ちょっと現場がバタバタしてて……ご迷惑にならないといいんですが」


「いやいや、ぜんぜん大丈夫です。天気もいいし、すでにいい雰囲気ですよ。ワイドで押さえたい感じです」


 そう言って、竹下さんはステージ周辺とカメラアングルをさっと見渡した。


 竹下さんは、機材を担いだスタッフたちに手際よく指示を出しながら、ナナさんが差し出したスケジュール表を軽く目で追った。

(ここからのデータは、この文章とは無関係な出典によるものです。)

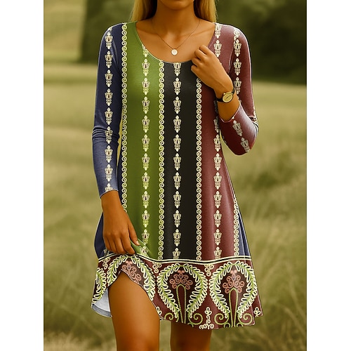 Per donna Abito al ginocchio Abito a Maglia Vestito Casual Vestito T-Shirt Vestito Estivo Casual Vestibilità regolare Grafico Paisley Manica Lunga Girocollo Rosa Blu Viola Marrone Primavera Autunno

「お電話でもお伝えしましたが、夕方のニュースで“地域の力、日本の宝”という特集を組んでまして。今、昭和の町や豊後高田の地域活動を追ってるんです。高校生と地元カフェの共同企画なんて、かなり注目してます」


 ナナさんは、小さく息を整えたように笑みを浮かべた。


「わ……ありがとうございます。これからちょうど、“ありがとう発表会”が始まるところなんです。

会場の空気……伝わるといいな。

——よかったら、そのまま、感じたままを撮ってください」


「なるほど、了解です。もし、発表の合間に少し時間がとれそうでしたら……主催のナナさんと、高校生代表の方に、簡単にインタビューさせていただけると助かります」


 ナナさんは一瞬ユウカに目をやり、それからうなずいた。


「はい、大丈夫です。……私たちも、ちゃんと伝えたいと思っているので」


竹下さんは、笑みを絶やさぬまま、小さな手帳にペンを走らせた。


「初開催って聞いてたんですけど……想像以上ににぎやかですね。正直、“いい絵”が撮れそうだなって思いました。ありがとう発表会、楽しみにしています」


 ナナはうなずいた。けれど、その笑みに、ほんのわずかに影がさしたようにも見えた。


「……あの、内容はとても素朴で、たぶん、“派手な絵”にはならないかもしれません。

でも……どうか、よろしくお願いします。

それと……発表の中には、個人的な話も混じっていて。

できれば、放送の前に――本人に、一度だけ確認を取らせてもらえると、助かります」


 竹下は、一瞬だけまばたきをして、手の動きを止めた。


「……あ、なるほど。はい、もちろん。事前に確認できるように調整します」


その声には、さきほどの軽やかさとは少し違う、わずかな硬さがにじんでいる。


ナナさんは笑っていたけれど――私は、少しだけざらっとした。


大人たちの言葉が、どこか噛み合っていないような気がして。

そのわずかな隙間に、不安がふと、忍び込んできた。